» **Action item**
Output the data below exactly, without images.

» **Provided data**
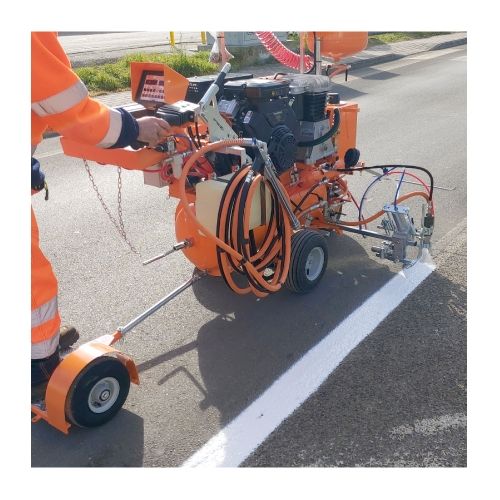 Līniju krāsošanas ierīce L90IETP (Petrol benzīna dzinējs). Augstas veiktspējas L90IETP aerosola marķēšanas mašīnas, ērta vadāmība pat uz slīpiem ceļiem. Ideāli piemērota ceļu uzturēšanas darbiem, kur nepieciešama laba krāsas tvertnes ietilpība. Krāsas pielietojums: refrakcijas (=ar iepriekš sajauktām stikla lodītēm), nerefrakcijas, speciālas krāsas ar augstu pretslīdes saturu. Standarta konfigurācijā: benzīna dzinējs: 21 ZS. Elektriskā palaišana. Hidrauliskā piedziņa ar mainīgas plūsmas sūkni. Spiediena krāsas tvertne 90l – no nerūsējošā tērauda. Šķīdinātāja tvertne. Kompresors 827l/min. 1 automātiskā krāsošanas pistole – 10-20 cm līnija. Elektroniskā attāluma ierīce C8000. Darba gaisma un LED bāka. Grozāms priekšējais ritenis. Piekabe (ratiņi) ar stāvošu vadītāju. Bezgaisa tehnoloģija. Pistoles: no 1 līdz 2. Maksimālais līnijas platums: 50cm (sasniedzams tikai ar atbilstošu papildu aprīkojumu). Izsmidzināmi līdzekļi: speciālas krāsas ar pretslīdēšanu. Izmēri 1900x800xh1050mm. Svars 415 kg. Fotoattēls neatspoguļo standarta versiju.
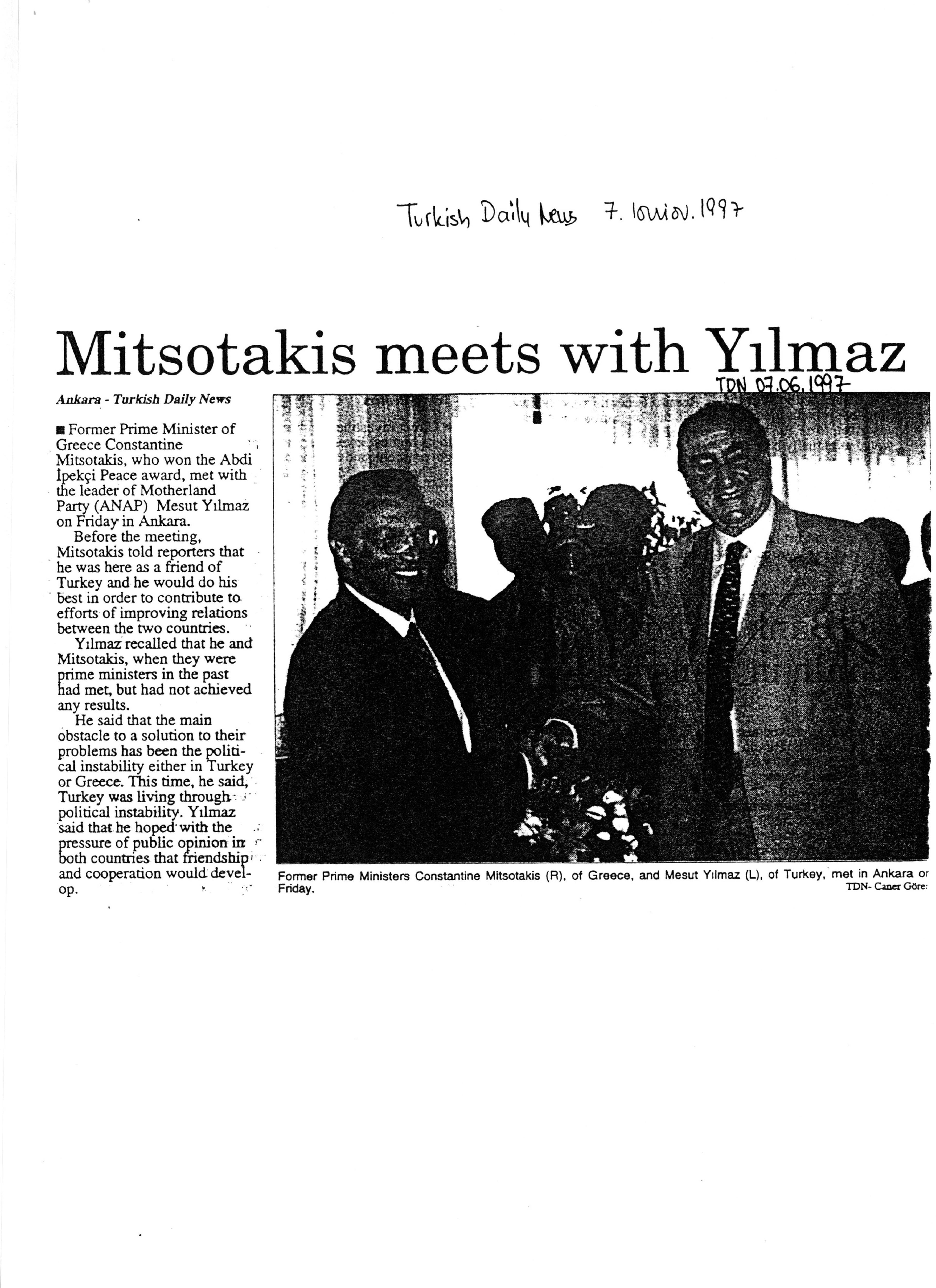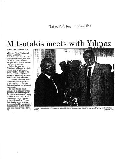 Δημοσίευμα στην εφημερίδα Turkish Daily News σχετικά με την τελετή διεξαγωγής των 8ων Βραβείων Ειρήνης και Φιλίας Abdi Ipekci που έγινε στα κεντρικά γραφεία της εφημερίδας Milliyet στο Dogan Medya Center. Το βραβείο απονεμήθηκε στον ΚΜ.
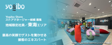 【私たちのストーリーとカルチャー】 初めてYogiboに包まれた瞬間、思わず「すごい!」と驚いたのを今でも覚えています。 どんな体勢でも自然にフィットし、今まで体験したことのない心地よさに包まれる魔法のソファ。 「この感動を、もっと多くの人に届けたい」 この想いでストアのキャストたちとブランドを創り上げ、今では全国約100店舗へと拡大しました。 韓国・台湾・タイ・シンガポールなどアジア諸国での代理店展開を経て、2021年にはついにアメリカ本社を買収。今まさに「日本から世界へ」というビジョンが本気で実現しようとしています。 私たちの根底にあるのは 「仕事を遊ぶ」 という文化です。 人生の多くの時間を費やす仕事が、つまらないのはもったいない。どうせやるなら遊ぶように、面白いことをやってやろう。遊びと同じように、仕事にも本気で取り組むからこそ楽しい。 Yogiboには、そんな本気で楽しめる環境が揃っています。 募集背景:好きな街でYogiboファンを増やしませんか? ブランドの成長に伴い、全国で採用のチャンスが広がっています。 「住み慣れた街で長く働きたい」「地元にYogiboのワクワクを届けたい」という想いに応える【地域限定社員】の募集です。転居を伴う転勤はありません。 2025年に続き、2026年も関東・東海・関西・九州エリアを中心に、地域を盛り上げてくれる仲間を30名以上募集します!「良いモノを売りたい」「地元のお客様を喜ばせたい」と本気になれるあなただからこそ、腰を据えて大きく成長できるステージがここにあります。 仕事内容:驚きと感動に満ちた、地域に愛される空間づくり Yogibo Storeのストアマネージャー候補として、ストアの管理・運営をお任せします。 最初から全てを完璧にこなす必要はありません。頼れる先輩マネージャーやエリアマネージャーがしっかりサポートするので、一歩ずつ成長していきましょう! <具体的なステップと業務> まずはサブマネージャー(副店長)としてスタートし、接客や売上管理などを学びます。早ければ入社から半年以内でストアマネージャーへステップアップするチャンスも! ・ゲスト(お客様)対応 ただ商品を売るのではなく、「体験」を届ける接客スタイルです。商品の魅力や使い方のご提案を通して、一人ひとりのゲストに“ワクワク”と“感動”を提供します。 ・魅力的な売り場づくり(VMD) 売れ筋や季節に合わせた売場づくりや、商品配置の工夫もあなたのアイデア次第。適切な商品在庫を維持するための発注・在庫管理も重要な役割です。 ・キャストの育成・チームづくり 一緒に働くアルバイト(キャスト)の採用や育成もお任せします。それぞれの得意なことを引き出し、チーム全体で高め合う最高のチームをつくってください。 ・売上管理や分析 「どうすればもっと喜んでいただけるか」を数字と向き合いながら探り、売上アップの施策を企画・実行します。 ・ストアのオペレーション改善 働きやすさや業務効率化のためのアイデアは大歓迎!現場の声から新しいルールや仕組みが生まれる環境です。 応募資格:あなたの経験が、地元のYogiboを進化させる ホテルやテーマパーク、小売店等での接客コミュニケーションが好きな方を歓迎します。 <必須> ・小売、アパレル系での販売経験や、テーマパークなどでの接客経験をお持ちの方 ・新卒、既卒3年未満の方は、未経験でも大歓迎! <歓迎> ・店長や店長候補としてのご経験(3年以上の経験優遇) ・裁量を持って働きたいと思っている方 <こんな方をお待ちしています!> ・好きな街、思い入れのある地域で長くキャリアを築きたい方 ・テーマパークのような、ワクワクする体験型の空間が好きな方 ・明るく笑顔で、ゲストとのコミュニケーションを愉しめる方 ・ショッピングモールなどの商業施設が好きな方 ・「まずは行動!」が性に合っている方 ・より良くするための業務改善を考えるのが好きな方 職場環境・やりがい 活気あふれるチーム(社員平均年齢:35歳) 10代の学生アルバイトから50代まで、幅広い世代がチームワークを発揮して働いています。 刺激たっぷりの合宿研修! 半年に一度、全国のマネージャー陣が集まる2日間の合宿を実施。マネジメント研修や表彰式のほか、Yogiboを使ったユニークなレクリエーションもあり、楽しみながら実践的に学ぶことができます。普段は自分の地域で働きながらも、全国の仲間と「こんなやり方もアリだね!」とアイデアを共有し合える最高の機会です。 【キャリアパスと待遇イメージ】 転居を伴う転勤がないため、将来のライフプランを描きながら安心して長く働ける環境です。研修後はサブマネージャーからスタートし、将来的には地域を牽引するストアマネージャーを目指します。 ・年収例 380万円(入社2年目・ストアマネージャー) 月給27万円 + 賞与 + インセンティブ ▼その他のエリアも募集中です 地域限定社員/関東エリア https://hrmos.co/pages/yogibo/jobs/0001010705 地域限定社員/関西エリア https://hrmos.co/pages/yogibo/jobs/

» **Written reply**
 Līniju krāsošanas ierīce L90IETP (Petrol benzīna dzinējs). Augstas veiktspējas L90IETP aerosola marķēšanas mašīnas, ērta vadāmība pat uz slīpiem ceļiem. Ideāli piemērota ceļu uzturēšanas darbiem, kur nepieciešama laba krāsas tvertnes ietilpība. Krāsas pielietojums: refrakcijas (=ar iepriekš sajauktām stikla lodītēm), nerefrakcijas, speciālas krāsas ar augstu pretslīdes saturu. Standarta konfigurācijā: benzīna dzinējs: 21 ZS. Elektriskā palaišana. Hidrauliskā piedziņa ar mainīgas plūsmas sūkni. Spiediena krāsas tvertne 90l – no nerūsējošā tērauda. Šķīdinātāja tvertne. Kompresors 827l/min. 1 automātiskā krāsošanas pistole – 10-20 cm līnija. Elektroniskā attāluma ierīce C8000. Darba gaisma un LED bāka. Grozāms priekšējais ritenis. Piekabe (ratiņi) ar stāvošu vadītāju. Bezgaisa tehnoloģija. Pistoles: no 1 līdz 2. Maksimālais līnijas platums: 50cm (sasniedzams tikai ar atbilstošu papildu aprīkojumu). Izsmidzināmi līdzekļi: speciālas krāsas ar pretslīdēšanu. Izmēri 1900x800xh1050mm. Svars 415 kg. Fotoattēls neatspoguļo standarta versiju.
 Δημοσίευμα στην εφημερίδα Turkish Daily News σχετικά με την τελετή διεξαγωγής των 8ων Βραβείων Ειρήνης και Φιλίας Abdi Ipekci που έγινε στα κεντρικά γραφεία της εφημερίδας Milliyet στο Dogan Medya Center. Το βραβείο απονεμήθηκε στον ΚΜ.
 【私たちのストーリーとカルチャー】 初めてYogiboに包まれた瞬間、思わず「すごい!」と驚いたのを今でも覚えています。 どんな体勢でも自然にフィットし、今まで体験したことのない心地よさに包まれる魔法のソファ。 「この感動を、もっと多くの人に届けたい」 この想いでストアのキャストたちとブランドを創り上げ、今では全国約100店舗へと拡大しました。 韓国・台湾・タイ・シンガポールなどアジア諸国での代理店展開を経て、2021年にはついにアメリカ本社を買収。今まさに「日本から世界へ」というビジョンが本気で実現しようとしています。 私たちの根底にあるのは 「仕事を遊ぶ」 という文化です。 人生の多くの時間を費やす仕事が、つまらないのはもったいない。どうせやるなら遊ぶように、面白いことをやってやろう。遊びと同じように、仕事にも本気で取り組むからこそ楽しい。 Yogiboには、そんな本気で楽しめる環境が揃っています。 募集背景:好きな街でYogiboファンを増やしませんか? ブランドの成長に伴い、全国で採用のチャンスが広がっています。 「住み慣れた街で長く働きたい」「地元にYogiboのワクワクを届けたい」という想いに応える【地域限定社員】の募集です。転居を伴う転勤はありません。 2025年に続き、2026年も関東・東海・関西・九州エリアを中心に、地域を盛り上げてくれる仲間を30名以上募集します!「良いモノを売りたい」「地元のお客様を喜ばせたい」と本気になれるあなただからこそ、腰を据えて大きく成長できるステージがここにあります。 仕事内容:驚きと感動に満ちた、地域に愛される空間づくり Yogibo Storeのストアマネージャー候補として、ストアの管理・運営をお任せします。 最初から全てを完璧にこなす必要はありません。頼れる先輩マネージャーやエリアマネージャーがしっかりサポートするので、一歩ずつ成長していきましょう! <具体的なステップと業務> まずはサブマネージャー(副店長)としてスタートし、接客や売上管理などを学びます。早ければ入社から半年以内でストアマネージャーへステップアップするチャンスも! ・ゲスト(お客様)対応 ただ商品を売るのではなく、「体験」を届ける接客スタイルです。商品の魅力や使い方のご提案を通して、一人ひとりのゲストに“ワクワク”と“感動”を提供します。 ・魅力的な売り場づくり(VMD) 売れ筋や季節に合わせた売場づくりや、商品配置の工夫もあなたのアイデア次第。適切な商品在庫を維持するための発注・在庫管理も重要な役割です。 ・キャストの育成・チームづくり 一緒に働くアルバイト(キャスト)の採用や育成もお任せします。それぞれの得意なことを引き出し、チーム全体で高め合う最高のチームをつくってください。 ・売上管理や分析 「どうすればもっと喜んでいただけるか」を数字と向き合いながら探り、売上アップの施策を企画・実行します。 ・ストアのオペレーション改善 働きやすさや業務効率化のためのアイデアは大歓迎!現場の声から新しいルールや仕組みが生まれる環境です。 応募資格:あなたの経験が、地元のYogiboを進化させる ホテルやテーマパーク、小売店等での接客コミュニケーションが好きな方を歓迎します。 <必須> ・小売、アパレル系での販売経験や、テーマパークなどでの接客経験をお持ちの方 ・新卒、既卒3年未満の方は、未経験でも大歓迎! <歓迎> ・店長や店長候補としてのご経験(3年以上の経験優遇) ・裁量を持って働きたいと思っている方 <こんな方をお待ちしています!> ・好きな街、思い入れのある地域で長くキャリアを築きたい方 ・テーマパークのような、ワクワクする体験型の空間が好きな方 ・明るく笑顔で、ゲストとのコミュニケーションを愉しめる方 ・ショッピングモールなどの商業施設が好きな方 ・「まずは行動!」が性に合っている方 ・より良くするための業務改善を考えるのが好きな方 職場環境・やりがい 活気あふれるチーム(社員平均年齢:35歳) 10代の学生アルバイトから50代まで、幅広い世代がチームワークを発揮して働いています。 刺激たっぷりの合宿研修! 半年に一度、全国のマネージャー陣が集まる2日間の合宿を実施。マネジメント研修や表彰式のほか、Yogiboを使ったユニークなレクリエーションもあり、楽しみながら実践的に学ぶことができます。普段は自分の地域で働きながらも、全国の仲間と「こんなやり方もアリだね!」とアイデアを共有し合える最高の機会です。 【キャリアパスと待遇イメージ】 転居を伴う転勤がないため、将来のライフプランを描きながら安心して長く働ける環境です。研修後はサブマネージャーからスタートし、将来的には地域を牽引するストアマネージャーを目指します。 ・年収例 380万円(入社2年目・ストアマネージャー) 月給27万円 + 賞与 + インセンティブ ▼その他のエリアも募集中です 地域限定社員/関東エリア https://hrmos.co/pages/yogibo/jobs/0001010705 地域限定社員/関西エリア https://hrmos.co/pages/yogibo/jobs/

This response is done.